Every two weeks we speak with scholars, educators, and storytellers who use family history to ask large questions about history, kinship, and identity. Studying families shows what mattered most to people in the past and how those values shaped the world we inhabit now.

Family history is more than names and dates. It is a way to think about memory, emotion, power, and connection. It gives historians a flexible method for understanding subjects that range from slavery and migration to religious conversion and cultural memory.

I am Joseph Stuart, joined by my colleague Christopher Jones. We are assistant professors of history and faculty in BYU’s Family History Program.

This is Reunion. We are glad you are here.

Copyright 2025 All rights reserved.
Épisodes
  • Reunion 007: Oral Histories with Farina King
    Mar 30 2026

    In a quiet kitchen on the Diné (Navajo Nation) reservation, a grandmother begins to speak. There’s no script, no microphone, just her voice, steady and rich with memory. She tells of boarding schools, of ceremonies held in secret, of laughter shared under desert skies. Her story isn’t written in books or stored in archives. It lives in her words, passed from one generation to the next.
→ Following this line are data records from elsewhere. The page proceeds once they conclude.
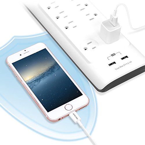 - 8 x AC outlets and 2 x USB ports surge protector with 6 ft extension cord ideal for home office and professional workstations. 2000 joule energy rating is ideal for computers, laser printers, telephones, and home-theater systems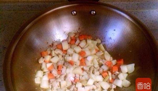 3.下入土豆胡蘿卜塊翻炒至土豆表面有一層油煎的感覺,加入料酒生抽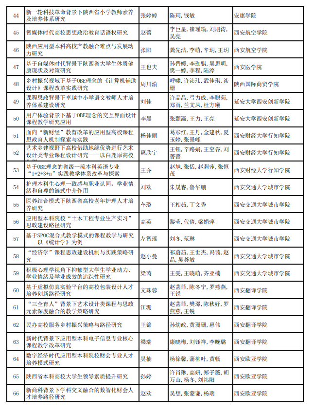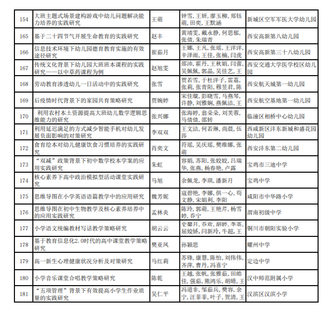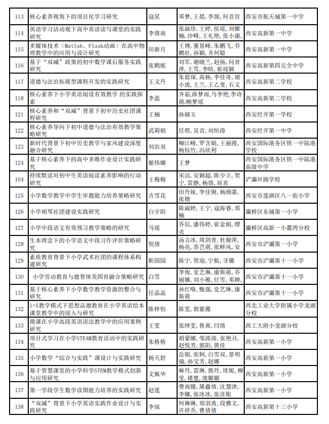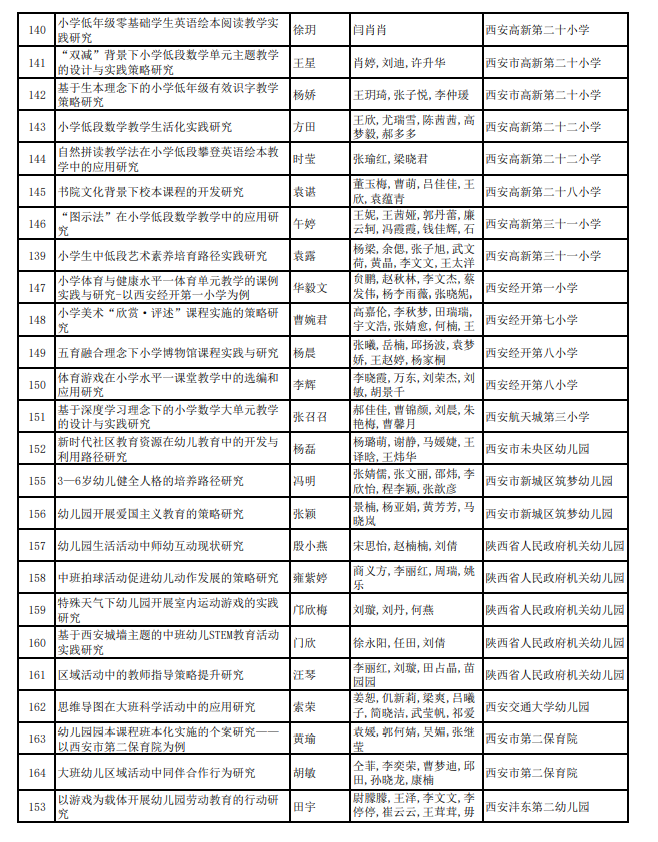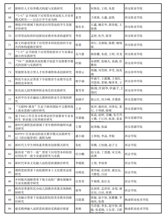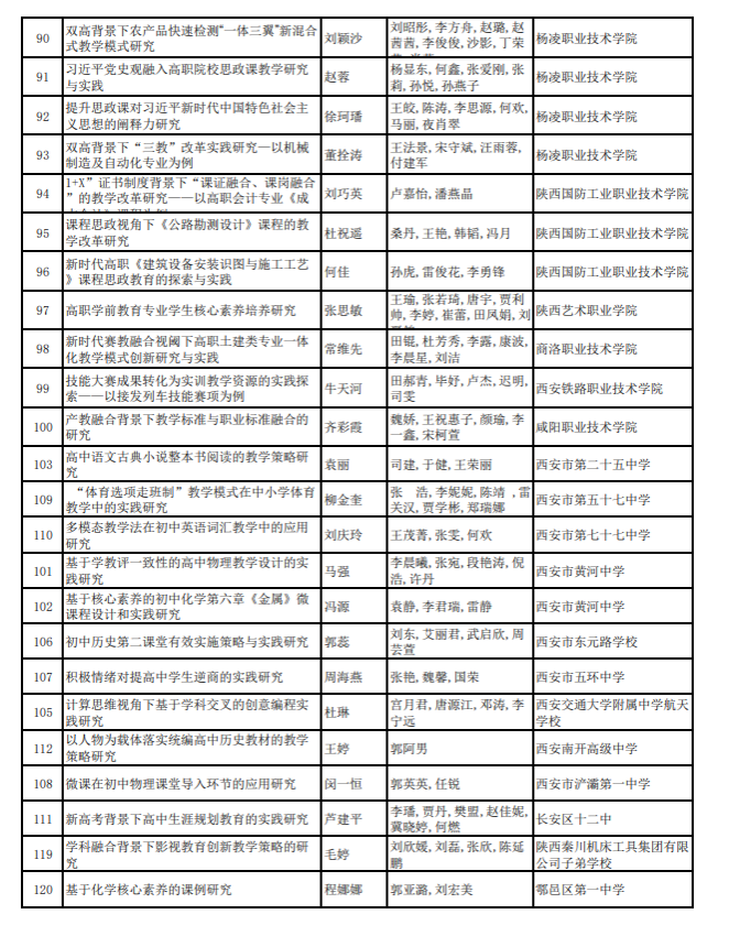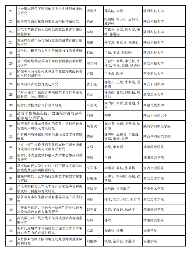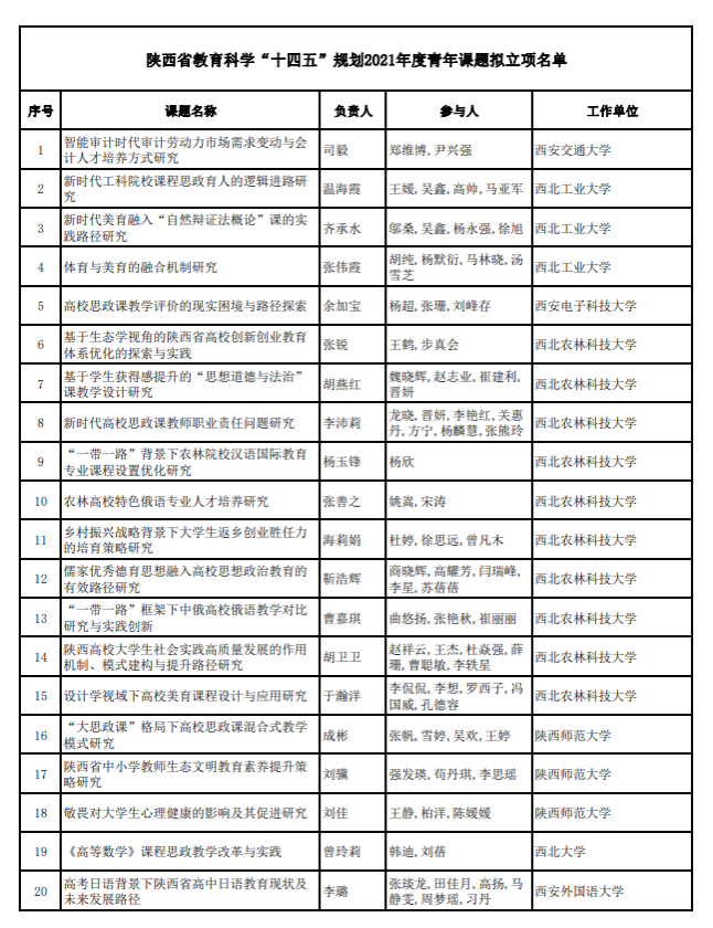 陕西省教育科学“十四五”规划2021年度青年课题拟立项名单

    For Farina King, these stories are history. In her work as a historian and citizen of the Navajo Nation, she listens to voices often left out of official records. Oral histories, she shows us, are not just sources. They are relationships. They carry emotion, identity, and the power to connect past and present in deeply personal ways.

    Today, Dr. King joins us to discuss how oral histories transform our understanding of families, communities, and the significance of history itself. We’ll explore how listening, truly listening, can be an act of scholarship, of care, and of cultural survival.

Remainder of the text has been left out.